{% hint style="info" %} If you'd prefer to see the following instructions in a video, we have a tutorial on batch job submission on Oscar. {% endhint %}
To run a batch job on Oscar, you first have to write a script that describes what resources you need and how your program will run. Some example batch scripts are available in your home directory on Oscar, in the directory:
~/batch_scripts
A batch script starts by specifying the bash
shell as its interpreter with the line:
#!/bin/bash
By default, a batch job will reserve 1 core and 2.8GB of memory per core for your job. You can customize the amount of resources allocated for your job by explicitly requesting them in your batch script with a series of lines starting with #SBATCH
, e.g.,
#SBATCH -n 4
#SBATCH --mem=16G
#SBATCH -t 1:00:00
The above lines request 4 cores (-n
), 16GB of memory per node (--mem
), and one hour of runtime (-t
). After you have described the resources you want allocated for the job, you then give the commands that you want to be executed.

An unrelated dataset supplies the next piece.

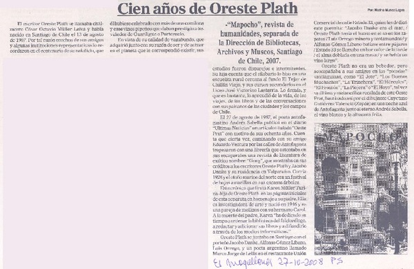 Cien años de Oreste Plath [artículo]Marino Muñoz Lagos.
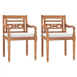 Wykończenie krzeseł olejem nadaje drewnu ciepły kolor. W skład przesyłki wchodzą 2 krzesła Batavia i 2 poduszki. Meble są łatwe w montażu.

{% hint style="warning" %}
All of the #SBATCH
instructions in your batch script must appear before the commands you want to run.
{% endhint %}
Once you have your batch script, you can submit a batch job to the queue using the sbatch
command:
sbatch <jobscript>
As an alternative to requesting resources within your batch script, it is possible to define the resources requested as command-line options to sbatch
. For example, the command below requests 4 cores (-n
), 16GB of memory per node (--mem
), and one hour of runtime (-t
) to run the job defined in the batch script.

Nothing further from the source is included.